From Figure 1 and Table 2, it is easy to find that the following 19-nucleotide length consensus sequence defined from tRNA-Gly loops: 5’-AAUGGUACUGCCAUUCAAG-3’ has a secondary hairpin form if we add AUG (as start codon) on the 5’ extremity. This hairpin form is described on Figure 2 right and its ring form on Figure 2 left. This sequence we call AL (for Archetypal Loop or ALpha ring) has some optimal combinatorial properties which suggest that it could have played a catalytic role in primitive peptide-genesis [33,34].
The choice of the tRNA-GlyGCC comes from the fact that its anticodon-loop is the most frequent in archaeal tRNA-Gly [39] (see 11 tRNA-GlyGCC in Table 2 and 246 more in Supplementary Material of [29,30]). The combinatorial properties result from opposite constraints in a min-max optimization problem and can be summarized as follows [34]:
i)
if the ring form has to play a reactive role with respect to the amino-acids in order to facilitate their polymerization (as a “marriage agency”) taking advantage of the affinities between amino-acids and the codons and anticodons of their specific synonymy classes in the genetic code [40], the ring has to be short. If the ring has to survive in a stable hairpin form with minimal free energy, it does present a self-complementarity between its two half-parts.
ii)
Among the rings satisfying the principle “to be as short as possible and containing at least one codon of each amino-acid”, there is no solution for a length below 22 nucleotides.

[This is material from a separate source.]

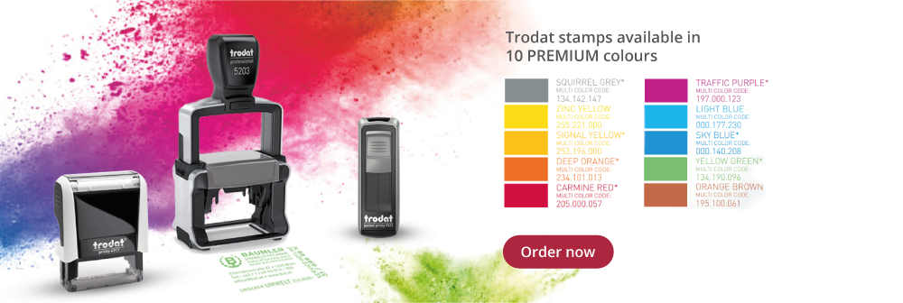 In our online shop you can order Trodat stamps in both classic ink colours and the refreshing PREMIUM colours.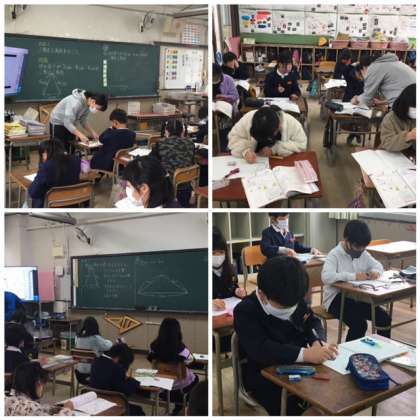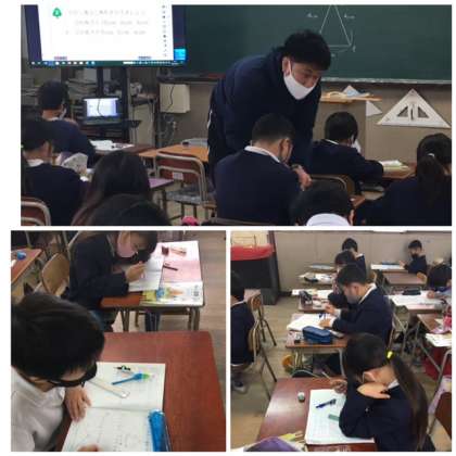 少人数に分かれて、学習をしています。今日は、コンパスを使って二等辺三角形の書き方を学びました。

For the length 22, 29520 among 176 1011 solutions contain only one repeated codon AUN, N being G for 52% of the solutions,
iii)
from these 25 rings, 19 encompass both the start and stop codon UGA,
iv)
through calculation of several distances (e.g., circular Hamming distance, permutation distance and edit distance), the ring AL (Figure 2 left) exhibits a minimum average distance as compared to the others. Only this sequence is thus acting as barycenter of the set of the 18 others.
From detailed studies [35,36,37], it appeared that pentamers or hexamers from AL could be remnants on the way to the progressive construction of nucleic acids involved in ribosome building and in mRNA of enzymes involved in ATP metabolism. Thus, following the concentration of these small sequences in many primitive species (Archaea or Bacteria) during the evolution makes it possible to obtain information on what could have happened during a long period when we do not have fossils or any other source of data. The study is continuing now towards the intervention of these small RNAs in the progressive construction of the ancestors of the current ribosome [41,42].
This is done by using the pentamer proximity PpAL to AL of a given sequence of nucleotides, equal to twice the number pAL of standard deviations in the difference between observed and expected numbers of pentamers (chosen from a set of 9 pentamers: ATTCA, TTCAA, TCAAG, CAAGA, AAGAT, AGATG, GATGA, ATGAA, TGAAT located at the head of the hairpin form of AL and easy to fragment from the rest of the hairpin) common between AL and this sequence. This proximity is denoted PpAL (for Pentamer proximity to AL) and supports some current quantitative and qualitative phylogenies proposed in absence of any identified root. This root could be the AL ring, as a possible LUCARN (Last Universal Common Ancestor RNA). On Table 3 and Figure 3, we give the PpAL for functions and molecules of 4 species and PpAL ranking respects both the gradient of seniority (for species) and necessity (for functions).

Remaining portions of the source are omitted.